Yes, we know there's an actual film out there named Men In Black. Actually, three at this point, which have earned millions of dollars. You can imagine how annoying that is. But we were first, dammit.

M.I.B. is CPF's only existing venture into so-called "serious" film. By serious, we mean it includes no deliberate humor, merely a plot about aliens taking over the world, if that sort of thing qualifies as serious. Production began, as these things so often do, on a whim because we were bored. We had, for reasons I no longer recall, but which couldn't have been good, arrived at Project A-kon 1, the first(?) anime convention in these here states, a full day early. With jack shit else to do, we shot an impromptu short featuring an anonymous John Q. Credulous vainly attempting to convince someone on the phone that "the document's really honestly real!" when the titular men in black show up at his hotel room and terminate his ass with extreme prejudice. The story could've ended there.

But, of course, it didn't. Months later, we found ourselves at another con, and bored once again. We as yet owned no camera, but as before, we quickly found one to borrow and began shooting more of this Men In Black story, picking up where the last bit had left off, and continuing very much in the same vein-a new character shows up, finds the document, and gets pursued through a hotel by our noir-engarbed villains, but this time manages to escape. Months later, yet another boring convention led to yet a third borrowing of a camera and a third chase through a hotel between a third unknowing victim-to-be and the same old M.I.B.s. Some time hence, we reckoned that adding some semblance of a plot might be in order, as well as filming some material depicting events other than "man who knows too much is chased and killed by/almost killed by/kills men in black."

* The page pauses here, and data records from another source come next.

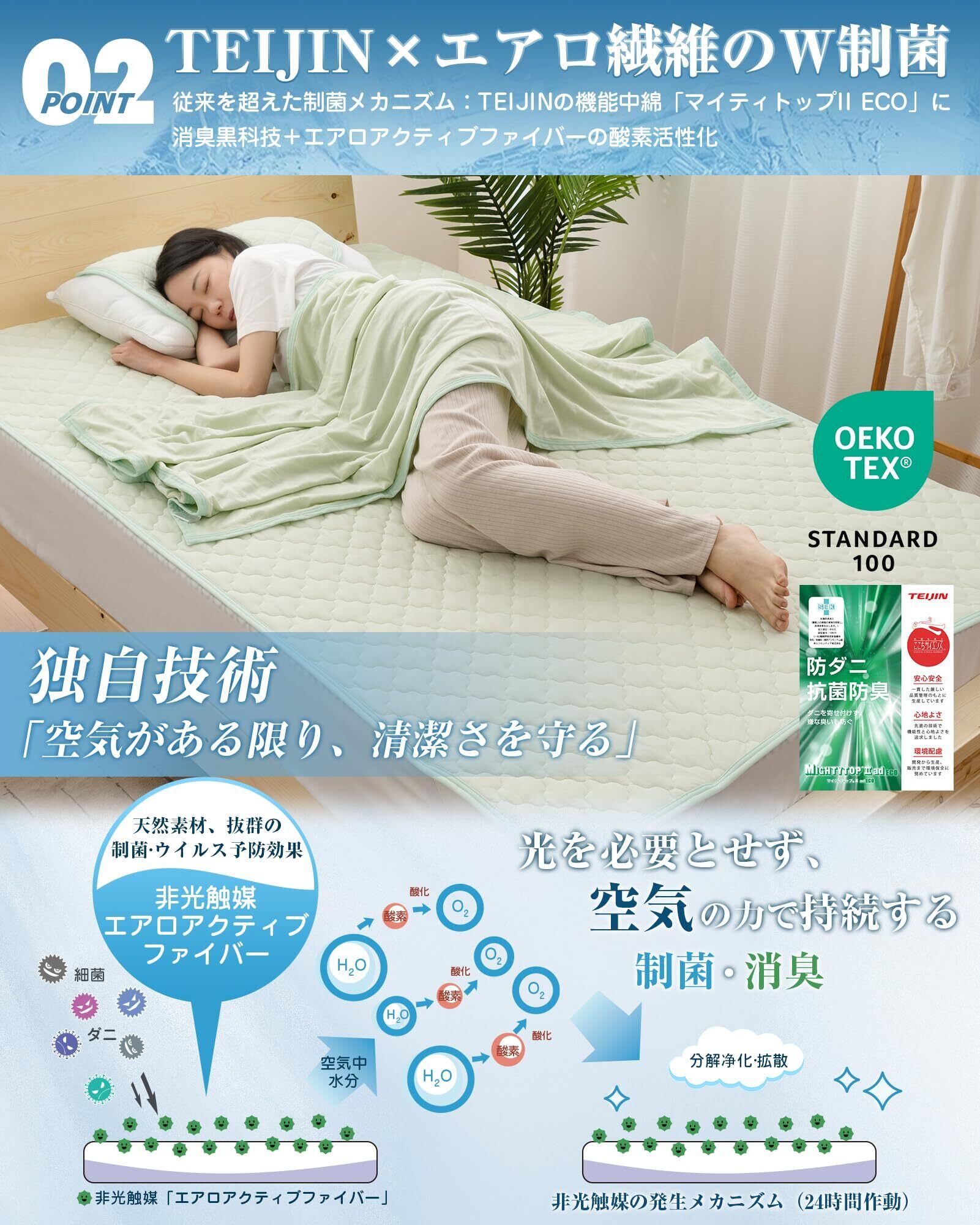 【TEIJIN×エアロ繊維のW制菌】 湿気や汗でジメジメする夏は、菌が繁殖しやすい季節です。中わたにテイジンの機能繊維「マイティトップII ECO」と、エアロアクティブファイバーの酸素活性化の組み合わせで、空気がある限り、24時間持続的に制菌消臭作用を発揮する。低ホルムアルデヒドなのでお子様にも安心。洗濯しても抗菌防臭・防ダニ効果は持続します。
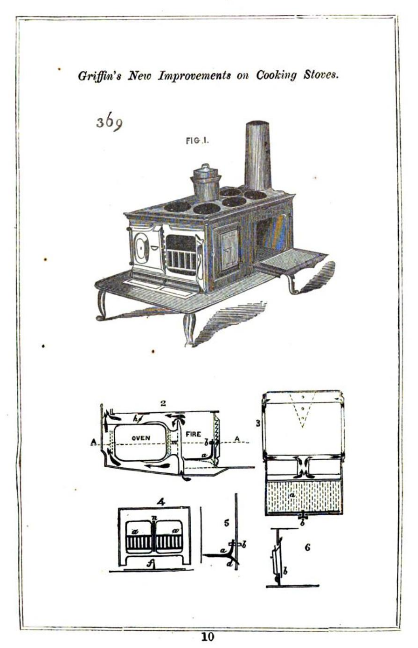 LETTERS PATENT to James Kent Griffin, of the Village of Waterdown, in the County of Wentworth, Ironfounder, for the Invention of “Several new and useful improvements on Cooking Stoves.”Quebec, dated 7th September, 1852.
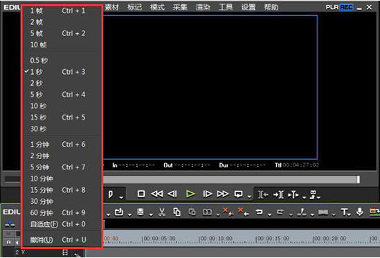 3、在弹出的下拉框中,可供选择的时间单位包括帧、秒和分钟,以及自适应;你可以选择1分钟,会看到EDIUS时间线长度确实缩短好多,这样编辑起来就容易多了。
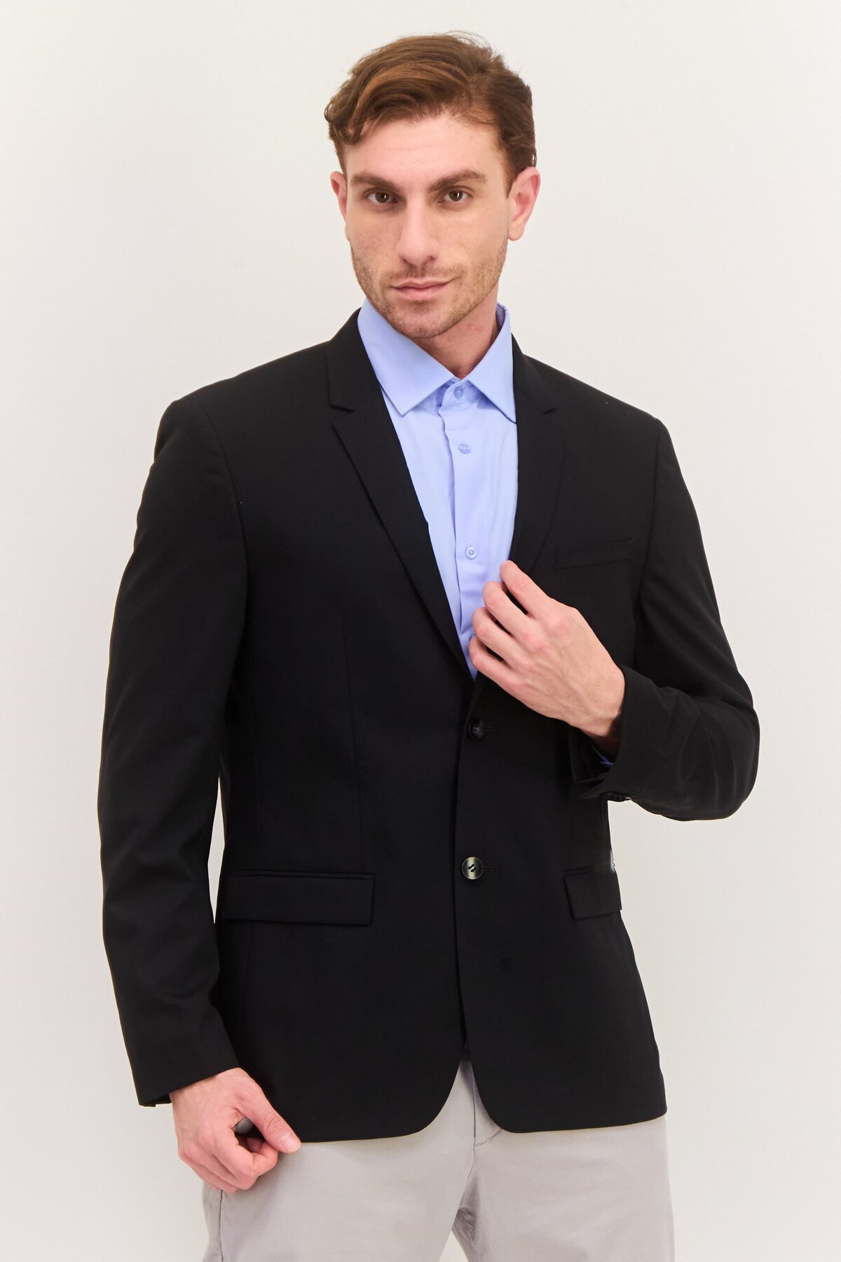 ميزات سترة رسمية سادة بقصّة عادية للرجال، باللون الأسود من Calvin Klein
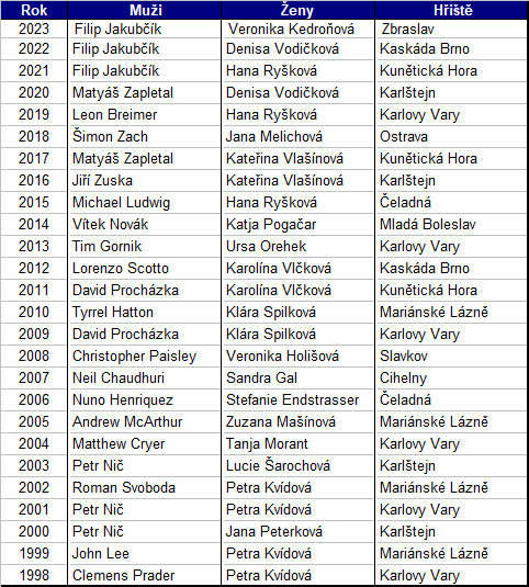 Historická tabulka Mistrů ČR na rány

Fortunately (and it's admittedly rare to use that word in this context), the footage comprising episode two was almost entirely unusable, as the borrowed camera's light sensitivity couldn't hack the dimly-lit hotel interiors at night. The necessity of reshooting this segment meant two things: 1. We could begin shoehorning in some of that "plot" crap we had been chewing over, and 2. we could make an effort to actually put a little production value into the thing; i.e. no M.I.B. costumes comprised of a black T-shirt, blue jeans, and tennis shoes. No fight scenes consisting of a total of three shots. Actual dialogue between the chasey bits. Continuity.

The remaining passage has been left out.